Their latest video is choreographed, too. For the pounding Want You Back they groove down a deserted Ventura Boulevard at dawn, the same San Fernando Valley street that Tom Petty crooned over in 1989’s Free Fallin’. It’s not so easy to shut down an LA thoroughfare but, as Este says: “The Valley gods were shining on us.” They like to think there was someone in City Hall, who, as Alana puts it, “went, ‘Oh, the Haim girls? Yeah’”.

It wasn’t always thus, of course. “We know exactly how it feels to be booed,” says Alana. “We know exactly how it feels to get shit thrown at you. You have to go through that shit. That’s the thing: to me, that was fun as fuck that I get to tell those stories because we worked so hard for five years.

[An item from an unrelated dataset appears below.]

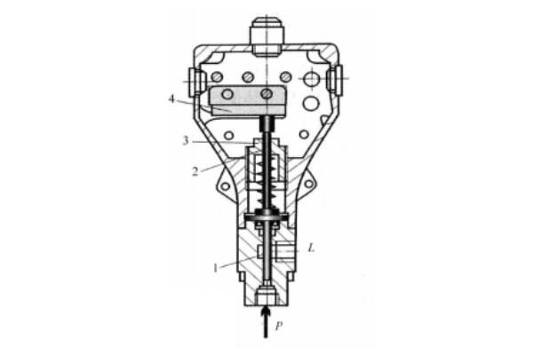 當從繼電器下端進油口3進入的液體壓力達到調定壓力值時,推動柱塞2上移,此位移通過杠桿放大后推動微動開關4動作。改變彈簧1的壓縮量,可以調節繼電器的動作壓力。

It was so funny when we came up to the UK and it was like, ‘Overnight sensation!’ I’m like: ‘Overnight sensation after five years!’” They’ve played venues, they say, where there were only men’s toilets backstage: “We had to figure out how to pee in a urinal,” says Alana.

“We’re really good at it by the way,” Este says dryly. “I could literally show you,” and she yanks a leg in the air. “Honestly, we’re limber as fuck now.”

A summer of touring lies ahead and, “if we seem excited,” says Danielle, with a direct, earnest look, “it’s just because we’re truly just very excited to go back on tour. We don’t take any of this very lightly. We spent the last two-and-a-half years working on these songs every day to make sure that we’re giving everyone the best thing that we can do. We take it so seriously.” Their music yes, but themselves, thankfully, no.